The link_only link type expects the user to provide a list of input tables, and is specified as follows:

from splink.duckdb.linker import DuckDBLinker

settings = {
    "link_type": "link_only",
    # etc.
    }

input_aliases = ["table_1", "table_2", "table_3"]
linker = DuckDBLinker([df_1, df_2, df_3], settings, input_table_aliases=input_aliases)
from splink.spark.linker import SparkLinker

settings = {
    "link_type": "link_only",
    # etc.
    }

input_aliases = ["table_1", "table_2", "table_3"]
linker = SparkLinker([df_1, df_2, df_3], settings, input_table_aliases=input_aliases)
from splink.athena.linker import AthenaLinker

settings = {
    "link_type": "link_only",
    # etc.
    }

input_aliases = ["table_1", "table_2", "table_3"]
linker = AthenaLinker([df_1, df_2, df_3], settings, input_table_aliases=input_aliases)
from splink.sqlite.linker import SQLiteLinker

settings = {
    "link_type": "link_only",
    # etc.
    }

input_aliases = ["table_1", "table_2", "table_3"]
linker = SQLiteLinker([df_1, df_2, df_3], settings, input_table_aliases=input_aliases)

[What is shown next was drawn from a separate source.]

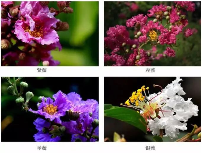 紫薇雖名為“紫薇”,可不僅僅只有紫色。根據花色的不同,紫薇可分為四個品系:紫薇、翠薇、赤薇、銀薇,顧名思義,花色分別為紫紅、藍紫、火紅、白色。

The input_table_aliases argument is optional and are used to label the tables in the outputs. If not provided, defaults will be automatically chosen by Splink.

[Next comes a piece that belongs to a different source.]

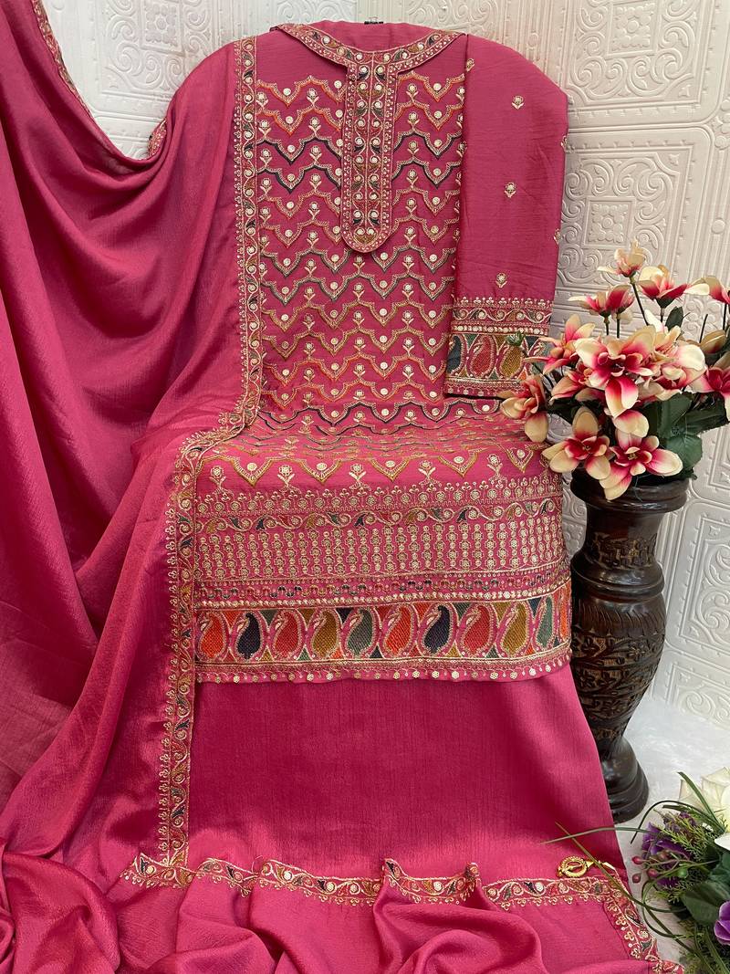 Maroon embroidered chinon salwar suit semi stitched

The link_and_dedupe link type expects the user to provide a list of input tables, and is specified as follows:

from splink.duckdb.linker import DuckDBLinker

settings = {
    "link_type": "link_and_dedupe",
    # etc.
    }

input_aliases = ["table_1", "table_2", "table_3"]
linker = DuckDBLinker([df_1, df_2, df_3], settings, input_table_aliases=input_aliases)
from splink.spark.linker import SparkLinker

settings = {
    "link_type": "link_and_dedupe",
    # etc.
    }

input_aliases = ["table_1", "table_2", "table_3"]
linker = SparkLinker([df_1, df_2, df_3], settings, input_table_aliases=input_aliases)
from splink.athena.linker import AthenaLinker

settings = {
    "link_type": "link_and_dedupe",
    # etc.
    }

input_aliases = ["table_1", "table_2", "table_3"]
linker = AthenaLinker([df_1, df_2, df_3], settings, input_table_aliases=input_aliases)
from splink.sqlite.linker import SQLiteLinker

settings = {
    "link_type": "link_and_dedupe",
    # etc.
    }

input_aliases = ["table_1", "table_2", "table_3"]
linker = SQLiteLinker([df_1, df_2, df_3], settings, input_table_aliases=input_aliases)

The input_table_aliases argument is optional and are used to label the tables in the outputs. If not provided, defaults will be automatically chosen by Splink.